# VHI - Is renewal of cover automatic? Direct Debit made on my account.



## Peterus (22 Apr 2010)

I noticed VHI direct debited my account this month. I have not expressly renewed insurance with VHI. I have the "Renewal of your Cover" documentation they sent me. I decided not to renew with VHI  (€985.86 - Plan B Options) so did nothing as the policy ended on 31 March.

On page 4 there are some points regarding the Direct Debit Guarantee Information. I will contact VHI (lines closed at time of writing) and my bank (AIB) about this.


With car insurance if you don't renew the policy ends and the insurer no longer covers you.

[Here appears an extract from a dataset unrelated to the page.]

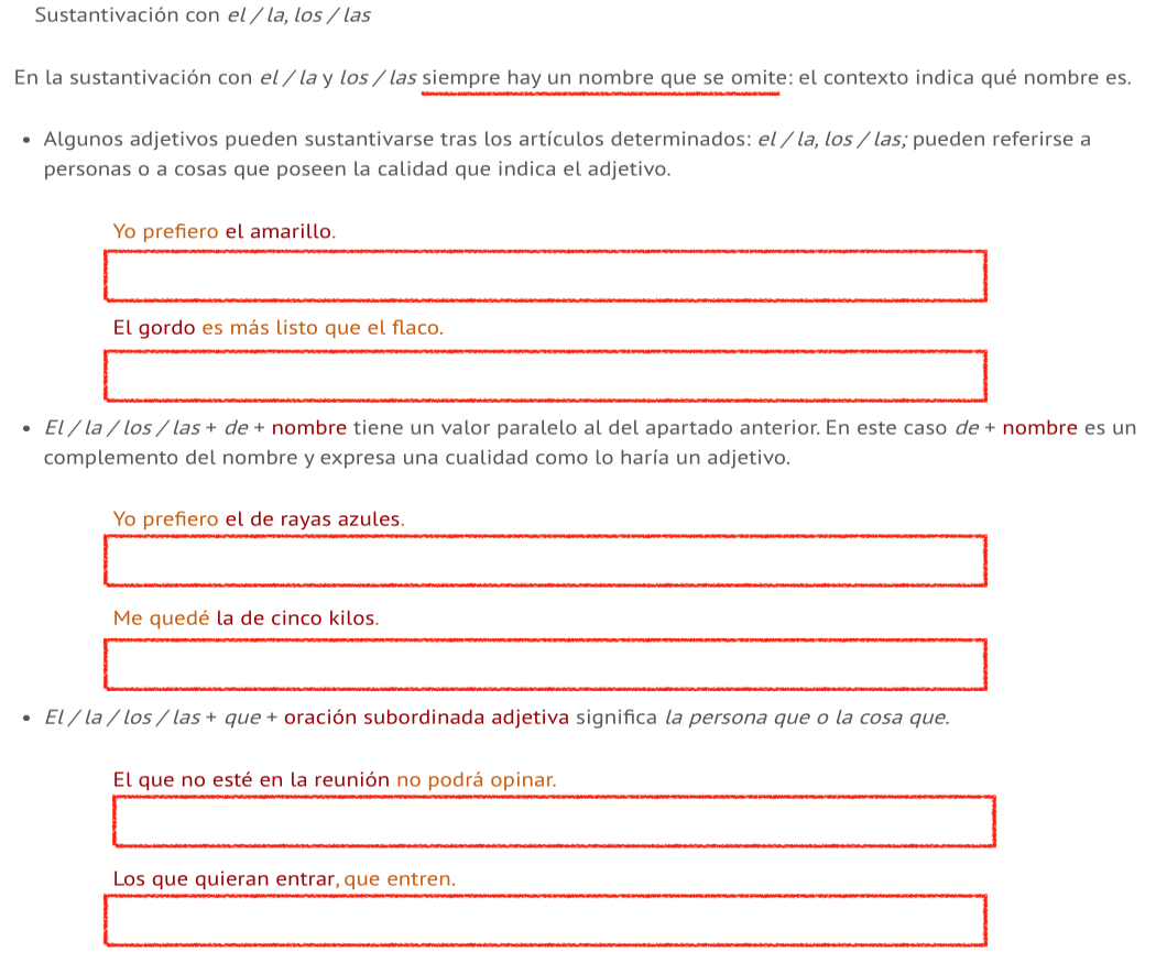 Añado un par de enlaces para profundizar este aspecto, y los presento en clase. Los dejo en el apartado Otras prácticas con el nombre de Sustantivación 1 y Sustantivación 2 y también aquí y aquí.

I've never had a car insurer continue a direct debit and never had to expressly cancel the payment when switching (although I usually pay the full amount up front...).

Is this normal for health insurers/direct debit/VHI?

Regards,
Peterus


----------



## Ravima (22 Apr 2010)

normal for most insurers now. They use a 'rolling mandate'. Policy is assumed renewed, after you get the renewal notice and do not cancel.


----------



## Peterus (22 Apr 2010)

Ravima thanks for the reply and info. If this rolling mandate is in place as a result of the policy from last year then I have myself to blame for not expressly cancelling.

I wonder would such a practice be tolerated by commercial gyms?


Regards


----------